[Stored items]
○ ○ ○ ○

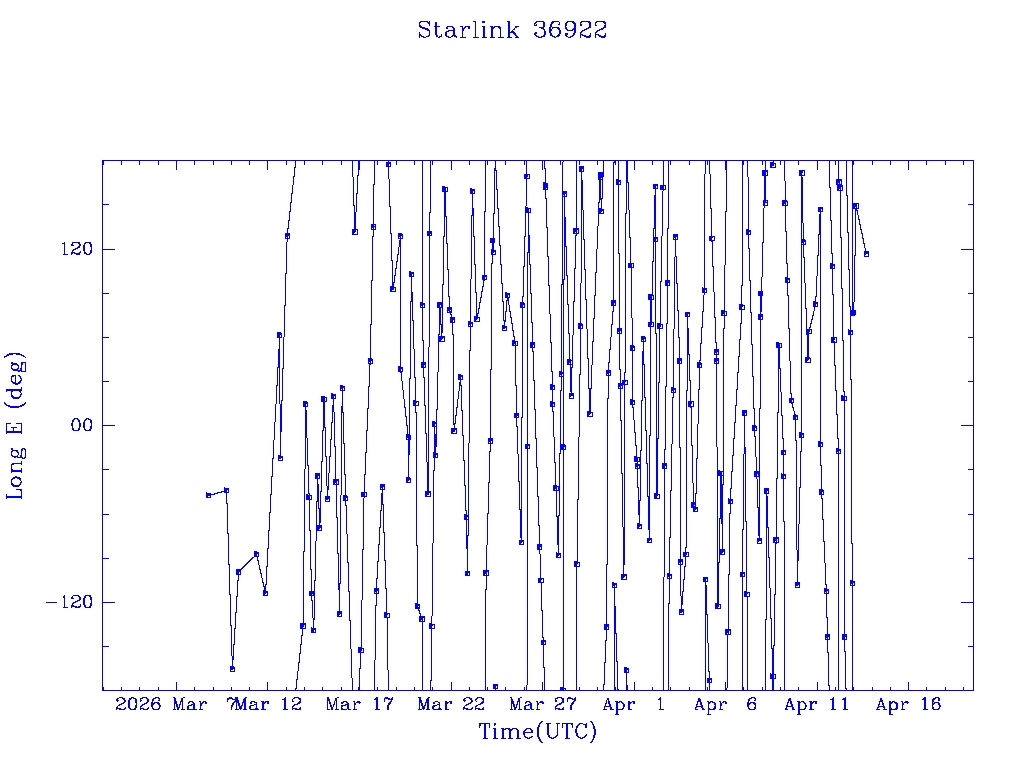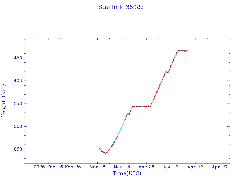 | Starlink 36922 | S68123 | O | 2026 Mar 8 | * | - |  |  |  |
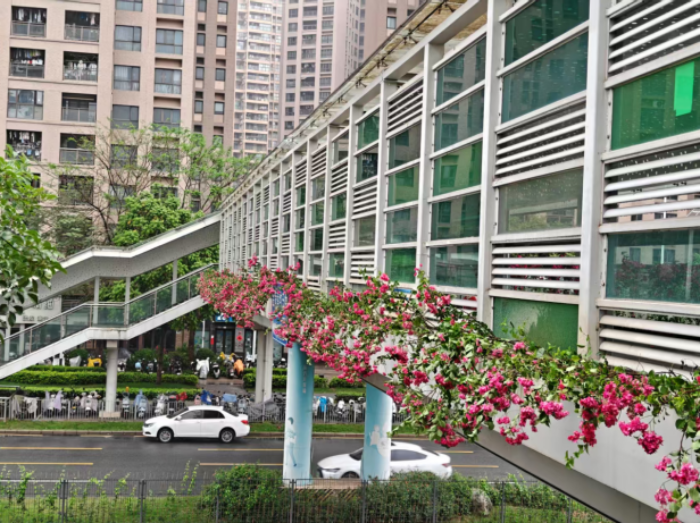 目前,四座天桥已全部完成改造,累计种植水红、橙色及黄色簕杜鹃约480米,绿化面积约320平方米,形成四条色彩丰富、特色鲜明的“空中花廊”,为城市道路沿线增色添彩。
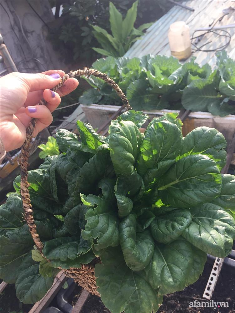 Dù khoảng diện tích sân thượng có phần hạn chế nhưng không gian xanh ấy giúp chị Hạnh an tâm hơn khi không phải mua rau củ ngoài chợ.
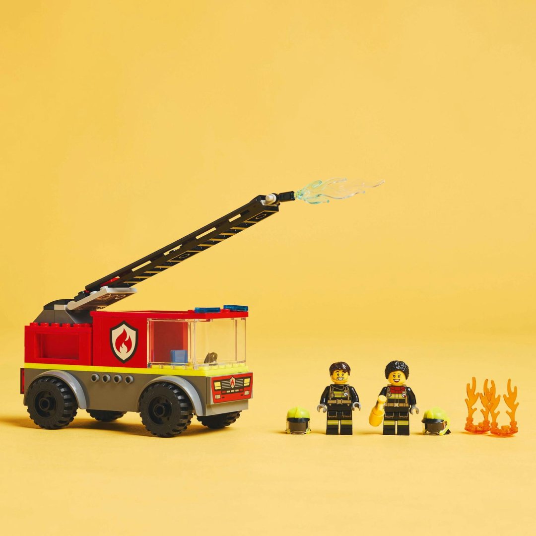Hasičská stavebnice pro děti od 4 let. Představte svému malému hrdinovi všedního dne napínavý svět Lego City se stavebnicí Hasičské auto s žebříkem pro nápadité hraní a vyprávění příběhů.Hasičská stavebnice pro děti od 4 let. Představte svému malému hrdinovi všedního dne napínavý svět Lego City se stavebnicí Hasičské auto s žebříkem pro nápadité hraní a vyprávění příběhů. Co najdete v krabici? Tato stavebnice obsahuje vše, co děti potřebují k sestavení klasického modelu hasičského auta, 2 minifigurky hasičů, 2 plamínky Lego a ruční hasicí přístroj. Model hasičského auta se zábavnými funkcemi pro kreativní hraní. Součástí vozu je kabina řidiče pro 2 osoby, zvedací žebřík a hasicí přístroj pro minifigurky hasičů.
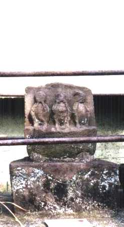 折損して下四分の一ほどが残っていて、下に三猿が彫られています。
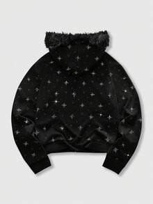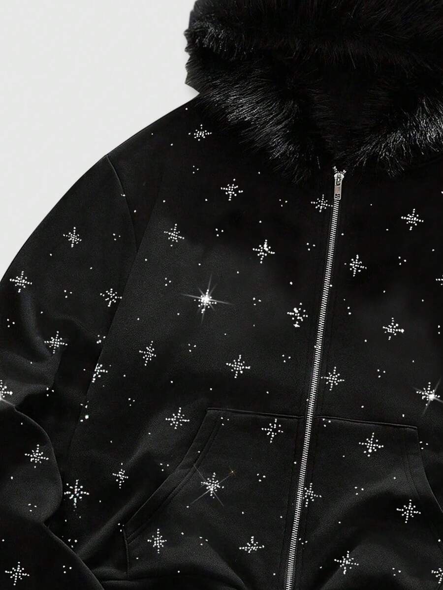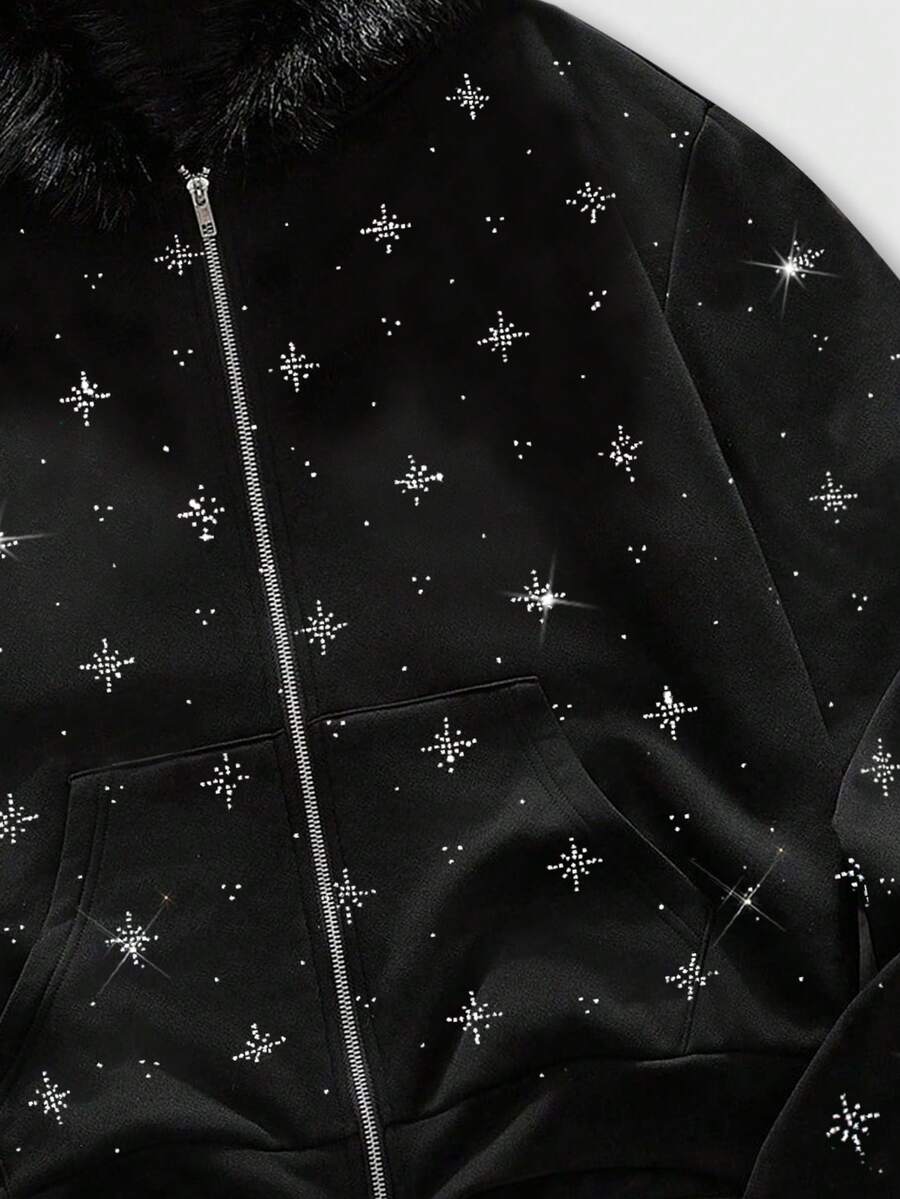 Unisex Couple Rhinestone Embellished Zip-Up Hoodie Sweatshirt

○ ○ ○ ○

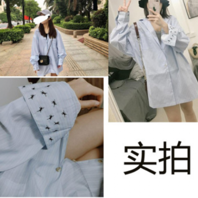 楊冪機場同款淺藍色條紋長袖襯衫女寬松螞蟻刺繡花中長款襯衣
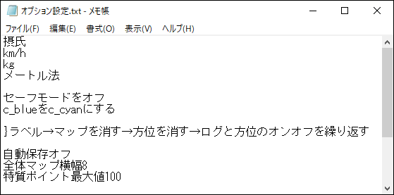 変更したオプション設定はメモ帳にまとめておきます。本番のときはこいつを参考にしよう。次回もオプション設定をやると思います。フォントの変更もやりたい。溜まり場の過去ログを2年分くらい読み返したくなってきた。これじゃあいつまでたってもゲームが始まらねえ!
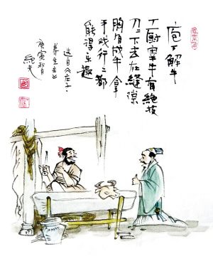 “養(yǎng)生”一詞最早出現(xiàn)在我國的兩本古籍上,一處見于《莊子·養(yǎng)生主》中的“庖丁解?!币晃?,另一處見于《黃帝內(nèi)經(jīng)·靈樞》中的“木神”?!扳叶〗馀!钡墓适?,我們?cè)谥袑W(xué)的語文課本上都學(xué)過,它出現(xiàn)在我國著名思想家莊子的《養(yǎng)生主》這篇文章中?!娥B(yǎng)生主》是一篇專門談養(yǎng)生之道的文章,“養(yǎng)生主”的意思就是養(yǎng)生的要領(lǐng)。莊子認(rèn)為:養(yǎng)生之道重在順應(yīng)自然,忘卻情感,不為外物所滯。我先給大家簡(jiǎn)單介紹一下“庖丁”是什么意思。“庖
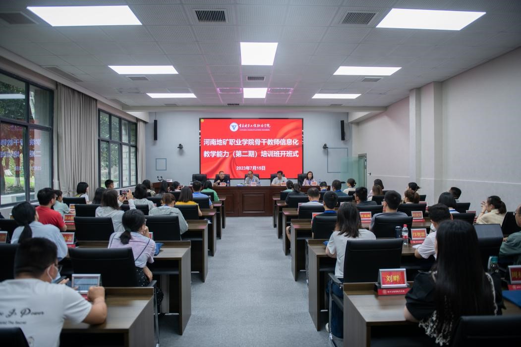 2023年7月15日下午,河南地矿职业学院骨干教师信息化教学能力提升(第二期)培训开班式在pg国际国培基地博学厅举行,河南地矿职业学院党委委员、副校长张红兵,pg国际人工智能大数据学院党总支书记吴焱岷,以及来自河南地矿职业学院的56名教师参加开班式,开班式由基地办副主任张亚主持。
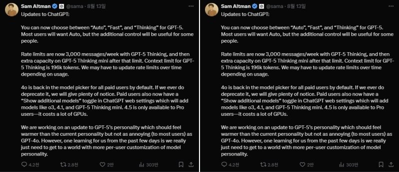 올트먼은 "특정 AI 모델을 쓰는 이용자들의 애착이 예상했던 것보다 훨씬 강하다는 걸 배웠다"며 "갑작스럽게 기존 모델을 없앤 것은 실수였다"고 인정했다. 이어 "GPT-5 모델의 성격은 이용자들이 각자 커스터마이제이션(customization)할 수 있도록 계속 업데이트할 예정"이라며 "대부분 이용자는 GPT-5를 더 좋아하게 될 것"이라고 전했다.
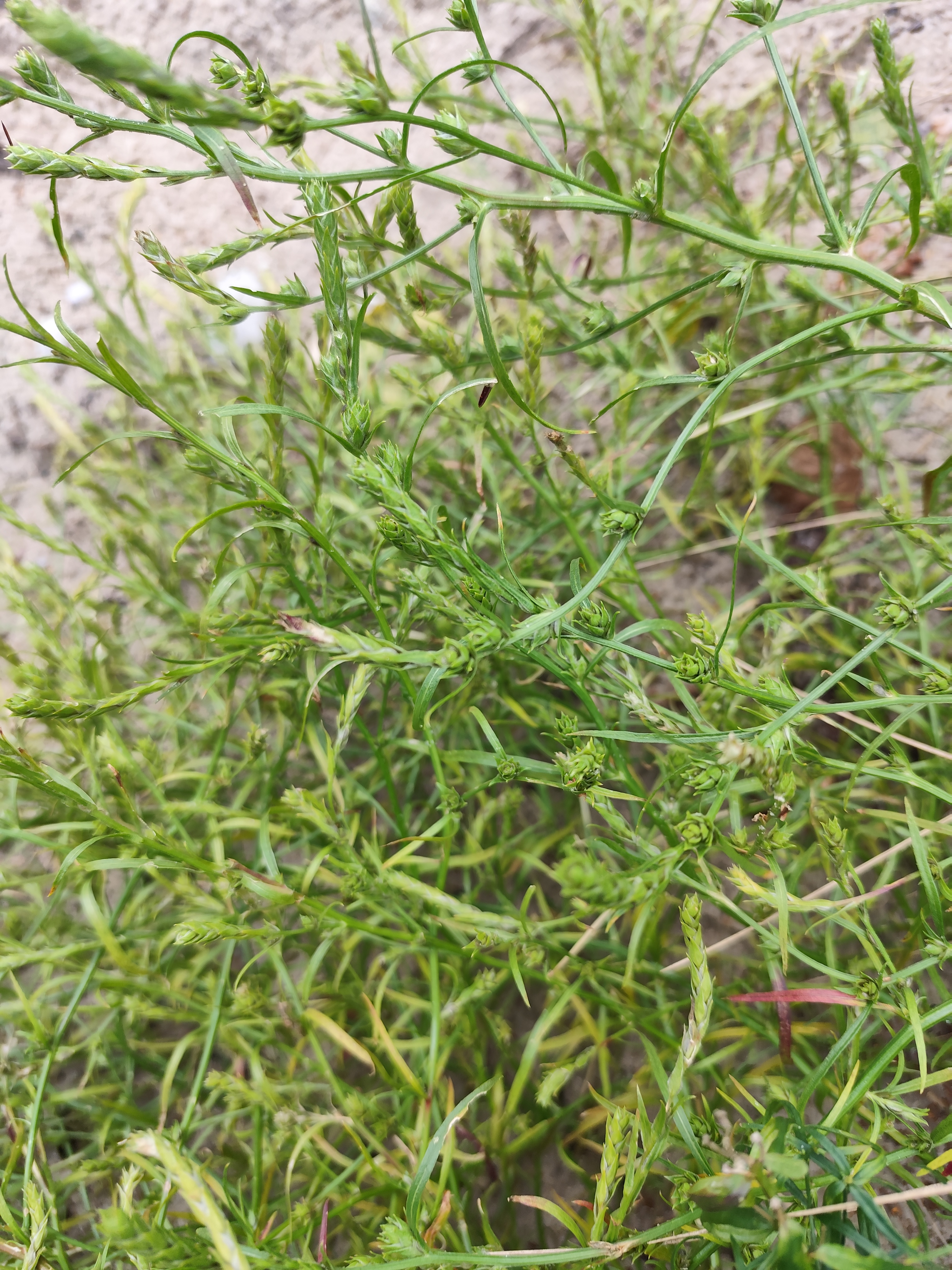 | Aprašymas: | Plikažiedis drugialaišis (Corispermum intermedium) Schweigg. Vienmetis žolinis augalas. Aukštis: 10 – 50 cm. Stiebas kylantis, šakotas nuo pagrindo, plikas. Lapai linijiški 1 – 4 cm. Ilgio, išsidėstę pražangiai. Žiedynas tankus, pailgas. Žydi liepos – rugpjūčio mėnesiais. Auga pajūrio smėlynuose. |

○ ○ ○ ○

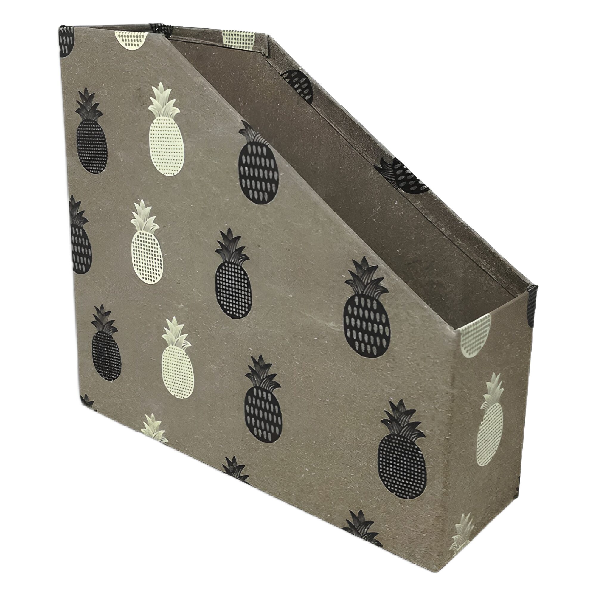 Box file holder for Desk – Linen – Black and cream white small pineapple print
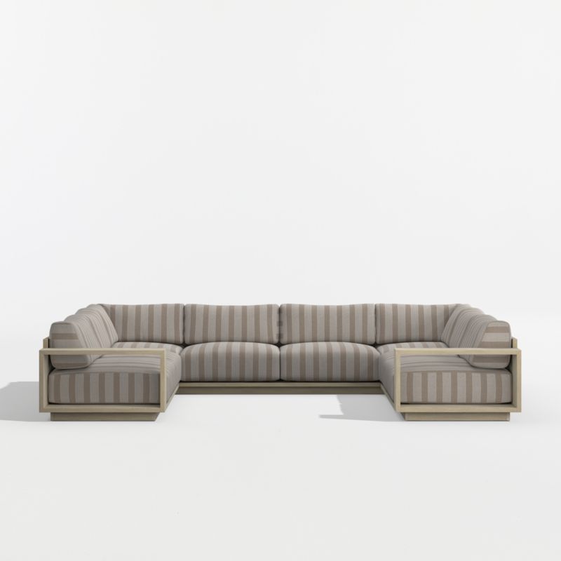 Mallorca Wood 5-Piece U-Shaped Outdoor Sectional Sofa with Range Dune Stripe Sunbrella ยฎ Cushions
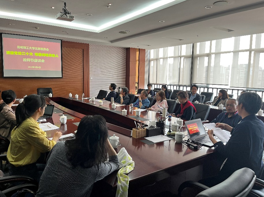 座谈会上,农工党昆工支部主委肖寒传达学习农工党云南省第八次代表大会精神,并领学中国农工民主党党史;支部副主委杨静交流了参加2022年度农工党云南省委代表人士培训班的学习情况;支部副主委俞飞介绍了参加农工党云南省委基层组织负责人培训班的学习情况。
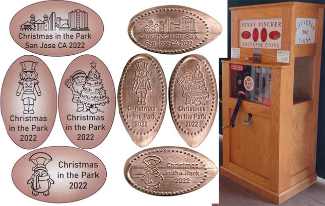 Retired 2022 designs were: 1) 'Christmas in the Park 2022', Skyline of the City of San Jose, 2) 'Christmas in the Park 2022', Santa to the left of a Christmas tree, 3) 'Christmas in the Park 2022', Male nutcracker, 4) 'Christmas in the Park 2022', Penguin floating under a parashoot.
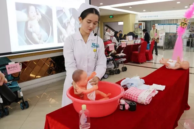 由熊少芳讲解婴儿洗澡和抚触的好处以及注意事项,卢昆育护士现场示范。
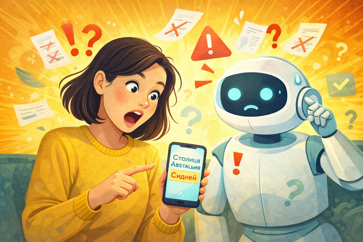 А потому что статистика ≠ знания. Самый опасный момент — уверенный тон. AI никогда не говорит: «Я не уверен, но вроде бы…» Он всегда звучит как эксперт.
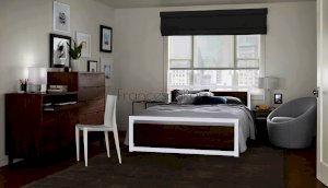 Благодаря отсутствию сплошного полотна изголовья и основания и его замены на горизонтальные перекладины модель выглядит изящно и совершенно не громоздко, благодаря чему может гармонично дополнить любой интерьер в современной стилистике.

○ ○ ○ ○

- _What the task asks_: Starting at the line above that holds "모델을 쓰는 이용자들의", repeat every line exactly down to and including the line that holds "pajūrio smėlynuose. |", then stop. Do not carry over any pictures.

- _Answer_:
 올트먼은 "특정 AI 모델을 쓰는 이용자들의 애착이 예상했던 것보다 훨씬 강하다는 걸 배웠다"며 "갑작스럽게 기존 모델을 없앤 것은 실수였다"고 인정했다. 이어 "GPT-5 모델의 성격은 이용자들이 각자 커스터마이제이션(customization)할 수 있도록 계속 업데이트할 예정"이라며 "대부분 이용자는 GPT-5를 더 좋아하게 될 것"이라고 전했다.
 | Aprašymas: | Plikažiedis drugialaišis (Corispermum intermedium) Schweigg. Vienmetis žolinis augalas. Aukštis: 10 – 50 cm. Stiebas kylantis, šakotas nuo pagrindo, plikas. Lapai linijiški 1 – 4 cm. Ilgio, išsidėstę pražangiai. Žiedynas tankus, pailgas. Žydi liepos – rugpjūčio mėnesiais. Auga pajūrio smėlynuose. |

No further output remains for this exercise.